The in vitro anti-proliferative and anti-migratory activities of compounds 31–34 are represented in Table 2. In this assay, the replacement of the rigid carbazole ring core by an indole resulted in loss of cytotoxic activity on both MCF-7 and MDA-MB-231 cell lines. For example, from the four representative 5-bromoindole derivatives synthesized, it can be observed that only compound 34 showed moderate cytotoxic effect on MCF-7 cells with GI50 of 18.4 µM, while GI50 value on MDA-MB-231 breast cancer cells was above 50 µM. Furthermore, the remaining compounds in that series had GI50s above 50 µM in both breast cancer cell lines. Additionally, after 24 h treatment at 10 µM using the wound-healing assay in the MDA-MB-231 cell line, no migration inhibition could be observed. Hence, the absence of any activity of 5-bromoindole derivative series, together with the fact that several carbazole derivatives show promising activity, a structure-activity relationship (SAR) can be established. For example, it appears that the presence of a carbazole ring core, the C3 linker region, and amide group improve both anti-proliferative and anti-migratory activity.
3. Materials and Methods
3.1. General Methods
All experiments were carried out in pre-dried glassware (≥1 h, 80–90 °C) under a nitrogen atmosphere. Nuclear magnetic resonance (NMR) spectra were obtained using a 400 MHz Bruker Avance UltraShield™ spectrometer. 1H (400 MHz) and 13C (100 MHz) NMR were recorded in CDCl3 or DMSO-d6, unless otherwise used, and the chemical shift was expressed in parts per million (ppm) relative to CDCl3 (δ 7.26 for 1H and δ 77.0 for 13C) or DMSO-d6 (δ 2.50 for 1H and δ 39.5 for 13C) as the internal standard. 1H NMR data is reported as position (δ), relative integral, multiplicity (s, singlet; d, doublet; t, triplet; q, quartet; dt, doublet of triplets; dd, doublet of doublets; dq, doublet of quartets; m, multiplet; br, broad peak), coupling constant (J) in hertz (Hz), and the assignment of the atom. The shift in ppm for multiplets correspond to the centermost value of the entire splitting pattern. 13C NMR data are reported as position (δ) and assignment of the atom. Microwave reactions were conducted in a CEM Discovery Microwave for Drug Discovery, SP- 1445. High resolution electrospray ionization mass spectrometry (ESI-HRMS) data were obtained on a Thermo Scientific™ Q Exactive™ Hybrid Quadrupole-Orbitrap Mass Spectrometer with high performance liquid chromatography (HPLC) Agilent 1200 utilizing a Zorbax SB-C18 column (2.1 mm × 50 mm, 1.8µm) at 40 °C, and a mobile phase of acetonitrile containing 5% Milli Q water at a flow rate of 0.35 mL/min (run time: 6.5 min), and 1 µL injection volume.
3.2. Synthesis Methods
Progress of the reaction was monitored via TLC analysis using general purpose silica gel on glass 5 × 20 cm with UV indicator, 250 μm, 60 Å medium pore diameter, UV indicator, and visualized by UV fluorescent Spectroline E Series Ultraviolet lamps, in most cases followed by staining with I2. The compounds were purified via column chromatography over silica gel (70–230 mesh, 60 Å) with the appropriate size column (24/40, 12 in. × 0.5 in.) or (24/40, 12 in. × 0.72 in.). Wiskostatin compound was obtained from MilliporeSigma.

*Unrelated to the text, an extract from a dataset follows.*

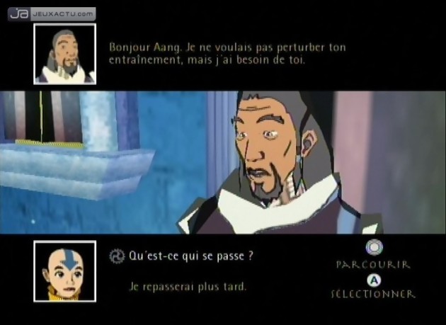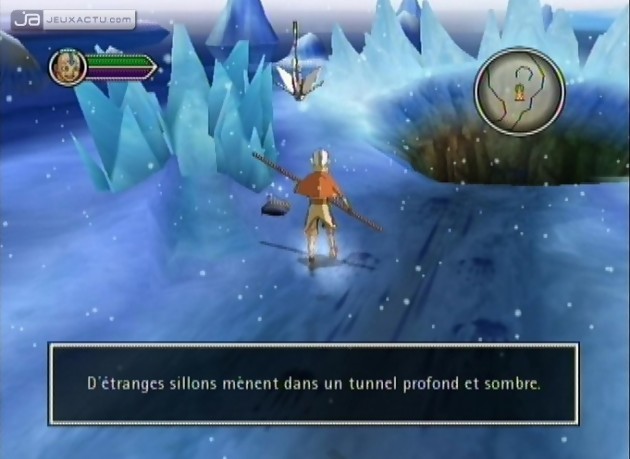 Aux côtés de Bob l'Eponge : La Créature du Crabe Croustillant, THQ a accompagné le lancement de la nouvelle console de Nintendo avec Avatar : Le Dernier Maître de l'Air. Les plus jeunes télévores reconnaîtront sans mal le premier jeu estampillé du nom de la nouvelle série phare de Nickelodeon. Oubliez les mollusques psychotiques et les génies aux cerveaux surdimensionnés, ce dessin animé met en avant le destin de quatre gamins qui doivent rétablir l’ordre et la sérénité sur le monde. Suite à la mort du précédent Avatar, haut responsable de chaque nation capable de maîtriser les 4 éléments suivants Eau, Feu, Terre et Air, le chef de la Nation du Feu a déclenché une guerre sans précédent pour dominer les pays voisins en convoitant leurs pouvoirs. Le jeu en reprend le scénario avec pour héro Aang, un bambin de 12 ans capable de maîtriser l’Air. Accompagné de Haru, Katara et Sokka, vous devrez donc parcourir les grandes étendues du jeu et affronter la Nation du Feu. Le souhait de Studio Oz est de faire d’Avatar : Le Dernier Maître de l'Air un jeu d’aventure pour les plus jeunes mais pour donner plus de profondeur à leur soft, les développeurs ont opté pour un système de jeu proche du hack’n slash. D’ailleurs l’angle de vue utilisé fait volontairement penser aux meilleurs jeux du genre dommage cependant que l’on ne puisse pas pivoter la caméra car selon le décor, il n’est pas rare de se retrouver caché par un rocher ou un pilier. L’autre point commun avec ce genre d’Action-RPG, c’est le système de combat. Vous attaquerez en temps réel vos adversaires afin de glaner points d’expérience, objets et pièces d’or utiles pour améliorer les compétences de votre personnage mais aussi son arsenal. Et c’est principalement sur ce point que la version Wii d’Avatar : Le Dernier Maître de l'Air se démarque de ses clones. Si les déplacements de votre avatar (avec ou sans majuscule) sont gérés avec le stick du Nunchuk, les attaques physiques ou les utilisations des éléments sont associées aux mouvements de la Wiimote. Au fur et à mesure de votre progression, vous débloquerez de nouveaux coups et en combinant boutons et gestes de la main pour terrasser tous les ennemis qui vous barreront la route. A ce propos, la facilité de jeu est exagérée par une progression des personnages rapides et une I.A. plutôt faiblarde. Côté gameplay, Studio Oz s’est contenté du strict minimum et Avatar : Le Dernier Maître de l'Air ne parvient pas à nous amuser autant qu’un Bob l'Eponge : La Créature du Crabe Croustillant à cause d’un manque de précision dans les commandes et des attaques bien trop limitées. Cependant, les aficionados de la série trouveront un malin plaisir à contrôler Aang et ses amis notamment grâce à une esthétisme graphique proche du dessin animée mais qui manque malheureusement de détails.

3.2.1. General Procedure for the Synthesis of 4-(3,6-Dibromo-Carbazol-9-yl)-Butyric Acid (2)
A 50 mL three-neck round-bottom flask, equipped with a reflux condenser, was charged with 3,6-dibromocarbazole 1 (0.325 g, 1.0 mmol), K2CO3 (0.1382 g, 1 mmol), and ethyl 4-bromobutyrate 2 (0.4436 mL, 3.1 mmol), dissolved in DMF (5 mL). After 15 min of stirring at room temperature, the reaction mixture was refluxed at 80 °C for 2 h. After completion of the reaction (analyzed by TLC), water (1 mL) and KOH (1.0 mmol) was added and the reaction mixture, refluxed at 80 °C for 2 h. After the reaction was completed (analyzed by TLC), the mixture was allowed to reach room temperature. The mixture was washed with water (20 mL) and the product was extracted using dichloromethane (3 × 10 mL). The organic layer was washed with brine and dried with Na2SO4, and filtered and concentrated under reduced pressure. The crude oil was purified via column chromatography over silica gel and 50% ethyl acetate in hexane, and the product obtained as a white solid for the precursor 4-(3,6-Dibromo-carbazol-9-yl)-butyric acid 2 (0.3535 g, 0.86 mmol, 86%). TLC analysis in ethyl acetate-hexane (1:1), Rf = 0.19. 1H NMR (400 MHz, CDCl3) δ 1.98 (2H, m), 2.27 (2H, t, J = 7.2 Hz), 4.41 (2H, t, J = 7.2 Hz), 7.30 (2H, d, J = 8.9 Hz), 7.56 (2H, dd, J = 2.0, 8.8 Hz), 8.14 (1H, d, J = 2.0 Hz); 13C NMR (100 MHz, CDCl3) 24.2, 31.1, 42.2, 111.8, 112.0, 123.4, 123.9, 139.5, 174.3. HR-FTMS (ESI) m/z calcd. for C16H13Br2NO2, [M + H]+ 411.9365, found 411.9365.
3.2.2. Synthesis of 3,6-Dibromocarbazole-4-butyramide Derivatives (4–27)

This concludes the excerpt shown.